You see, I just “moved” over to Babble Toddler from Babble Baby. I had gotten used to writing about all things baby and suddenly now, from one day to the next, I became the mom of a toddler? I still feel like Fern is such a “baby” in so many ways, but then she’ll do something that’s completely “toddler-esque.” I don’t know what to think. Fern could care less and is quite obviously not experiencing these same feelings, so why am I having such a hard time with it?

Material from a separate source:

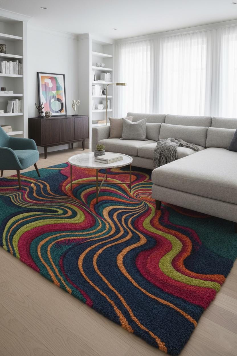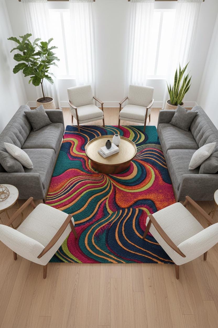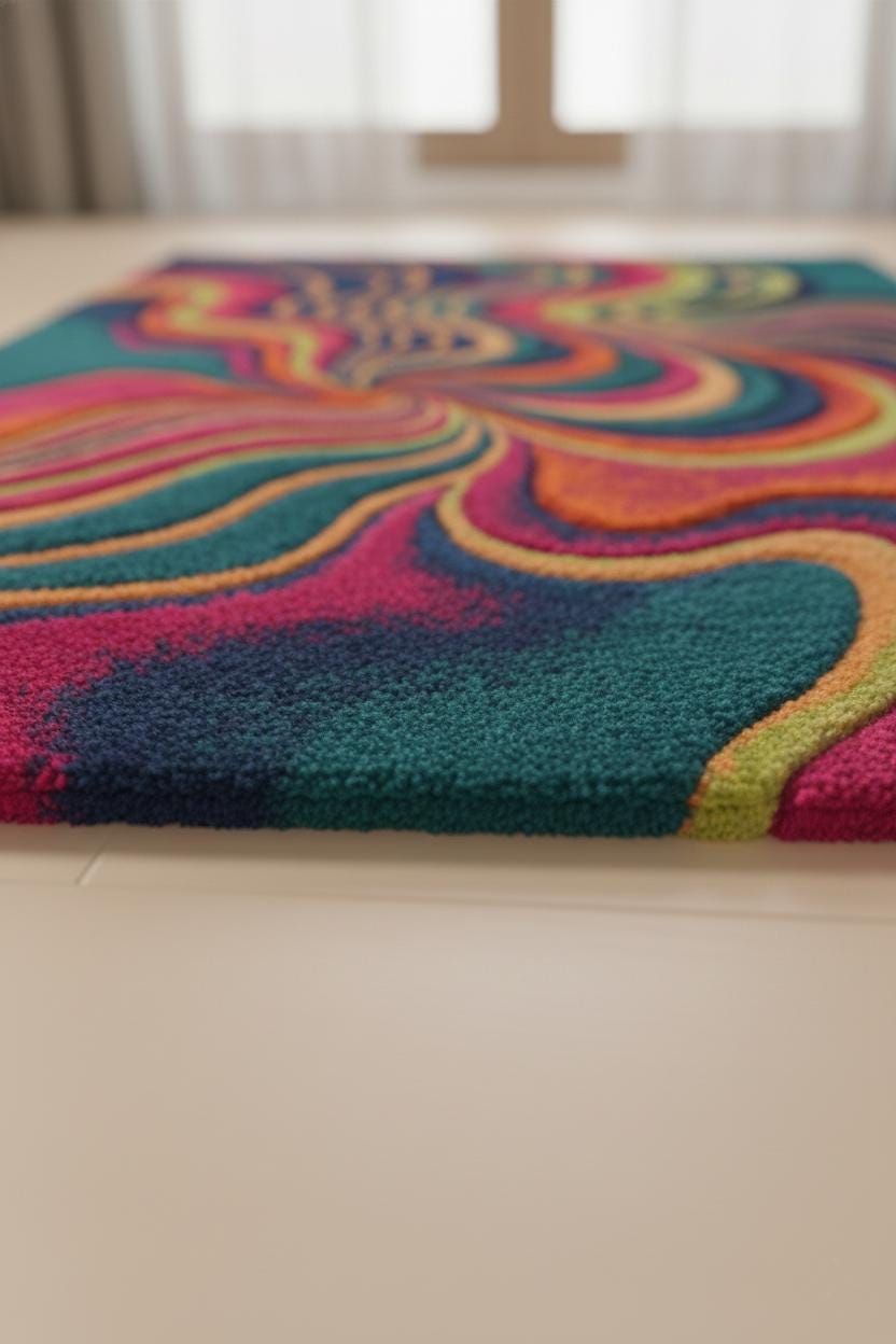 Bring bold movement and artistic energy into your space with this Colorful Abstract Swirl Area Rug. Designed with flowing curves and vibrant shades of teal, pink, mustard, orange, and navy, this rug instantly becomes the focal point of any room. Its modern abstract pattern adds depth, texture, and personality to both contemporary and eclectic interiors.

Maybe it’s because I write about her and about motherhood all the time and having a “baby” is something that had become such a big part of my identity. I feel like having a toddler will somehow make me a totally different person – like I’ll have to make new toddler mom friends who I can relate to and do things completely differently and that I’ll no longer be a part of the “Moms With Babies” club. When I stop to think about this rationally for two seconds, I realize that none of this is true and/or matters, but I can’t help thinking it anyway. I don’t even know how to phrase things anymore – like I can’t say “baby” anymore when I’m writing about Fern or our stories. It just feels weird.

I’m sure it’ll get better, but right now I feel stuck in the middle between baby and toddler.

Did any of you ever experience this or am I just crazy?

Lauren Hartmann is the founder of The Little Things We Do, a blog about life and adventures in Portland Oregon. Follow her on TwitterFacebookPinterest and Instagram or catch up on all of her posts here on Babble.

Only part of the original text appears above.